Gotta say it: If a UA-camr has put an ad in his/her content, I will not use that product/service. Seems so many UA-cam ads inserted by the content creator turns out to be some kind of scam. Remember buying land to become some kind of royality? How about those gold companies, where gold has to go up a LOT for you to make a small profit? The list goes on.
100% correct about VPNs. Would you trust a "free as in beer" ISP? Of course not. So why use a free VPN?
Also 100% correct on AI
vpns and encrypted proxies only protect the transmission of the data and not the endpoints.
if either end of the connection is compromised then it doesn't matter if the transmission was protected.
Vpns are The Bullet...Tor Not Lets Move services to Onion
VPNs are honeypots ... routing your traffic through a 3rd party, who could be nothing but a front for 3-letter agencies, is kinda insane.
No more than your ISP.
@@kpcraftster6580 My ISP is at least one of millions.

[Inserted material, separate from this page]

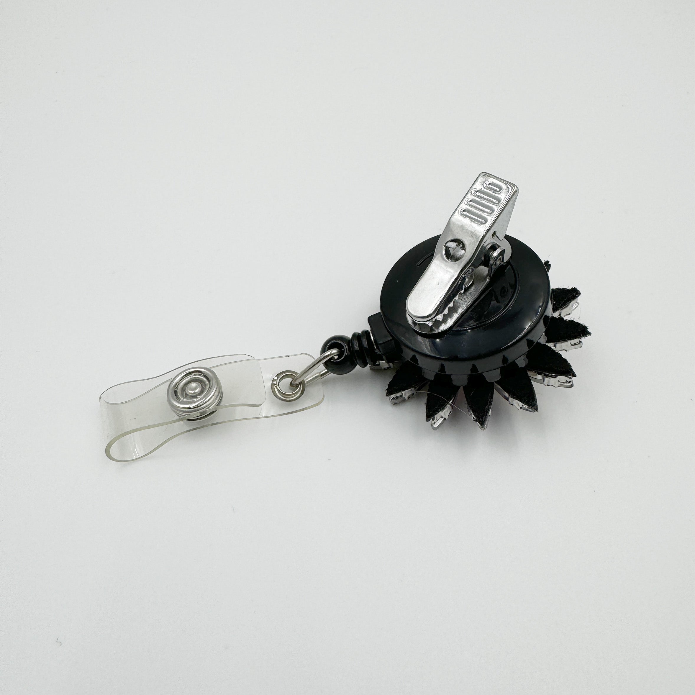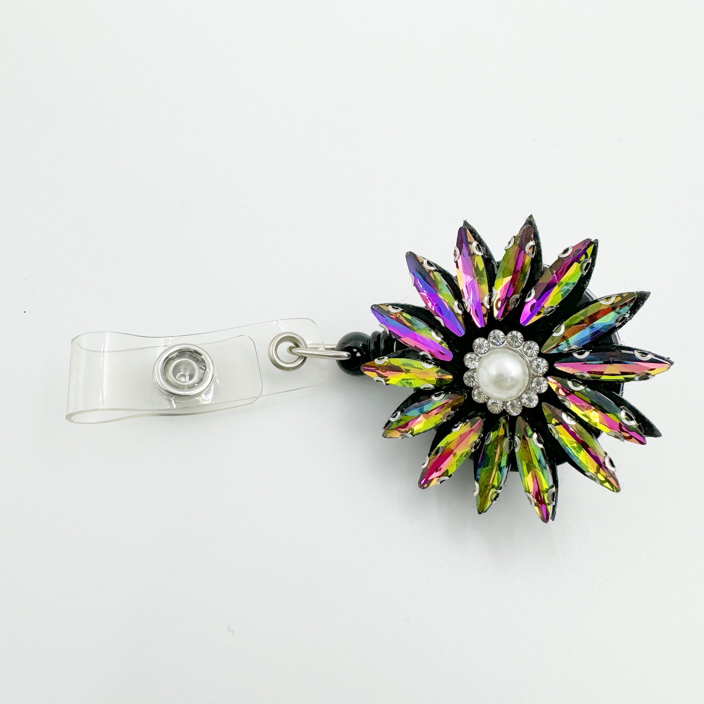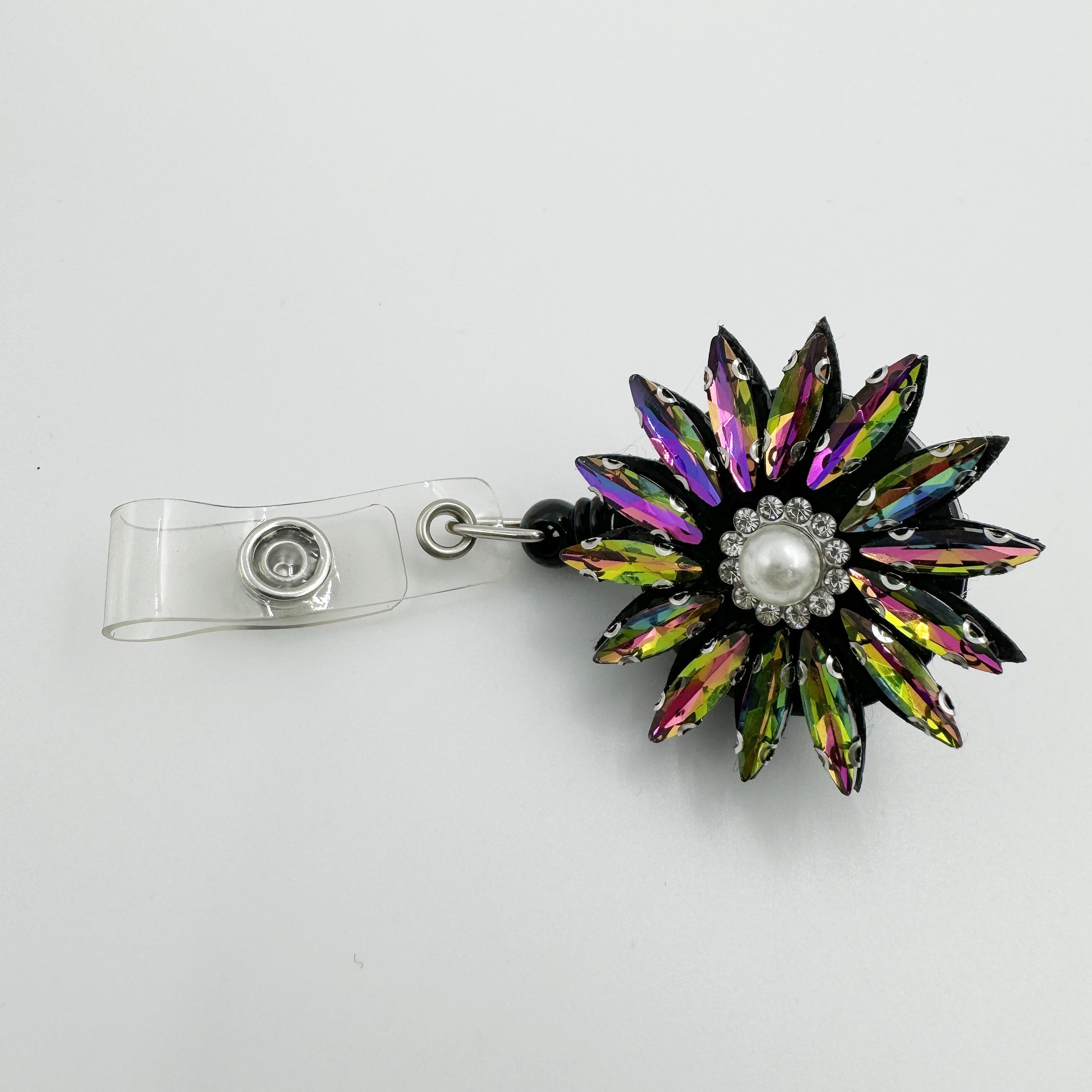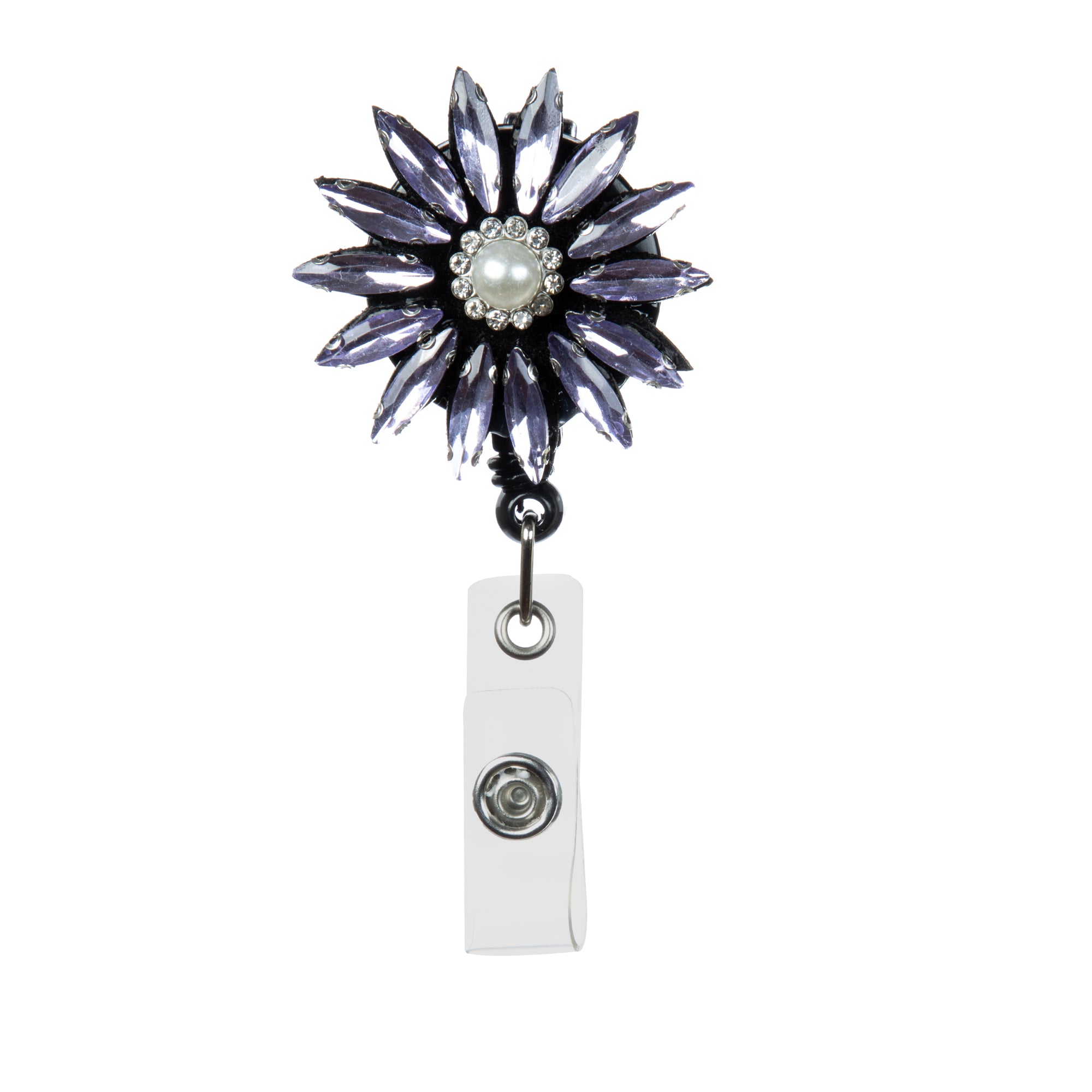 Hebilla porta credencial con diamantes de imitación y flores MIS1007

A small local installation. VPNs are one of hundreds. Distributed organisations.
As a 3-letter agency, I can create a VPN and cover a lot of ground. That is much harder with ISPs.
@@ZappyOh Where do you live that you have a choice of millions of ISPs. Wait don't tell me, that's private information. But having more choices of ISP than VPN is not a privilege most people have.
@@kpcraftster6580 Millions across the world ... No 3-letter agency can run a reasonable fraction of those, to get a broad coverage of traffic.
Host Your Own VPN or Ask a Friend In a Different Country to
There is not such thing as an "ex-wife", airtag husband is based.
ISPs try to make it as hard as possible to use 3rd party modems. A normie is never going to have the time and know-how to figure it out.
Just like how VPNs try to prevent users from manually configuring their own openvpn or wireguard
Title is misleading! It specifically talks about FREE VPN users! No wonder mate. If you are using a FREE VPN service you are seriously asking for trouble. Hell you can't even fully trust most PAID VPN providers let alone FREE ones. Choose a great VPN provider with strictly no logs policy and in a privacy-friendly jurisdiction such as ExpressVPN.
Do you really trust massive corporations who hide all their assets under different VPN names?
Then of course, granted that a VPN, no matter how great and secure will never fully protect in cases of data breaches or in the case of info-stealing Trojans if you're not using a secure OS. Or even from Microsoft's spyware, but it does protect you again idiots trying to sniff your login details while on a public connection or from Government tracking and interceptions/sniffing.
@@SwitchedtoLinux not sure what you mean by that exactly, but I do trust ExpressVPN as they have a massive proven record of independent 3rd party audits and also in the case of an incident in Turkey, where the government blitzed and seized their servers after demanding ExpressVPN for the connection logs but they refused to cooperate. And even after seizing the servers the Turkish authorities didn't manage to get anything at all, as there really was nothing there. ExpressVPN's servers run on RAM storage ONLY, not on Hard Drives or SSD storage so anything just passes and goes away. In the case of a power cut obviously everything is not retained either.
@@SwitchedtoLinux then of course no matter how good or safe a VPN is the rest is obviously down to the user. The problem is the fact that people like to think that security is like a magic thing, this thing that you get and automagically makes you invincible and what not. But at the end of the day, as I always like to say, even though 100% security is an absolute utopia, it starts with each and every one of us. VPNs and everything else are merely tools that we can use to our advantage to help strengthen our security but relying on these tools exclusively thinking they will do the work for us and forget about everything else is even more insecure than having them I would say.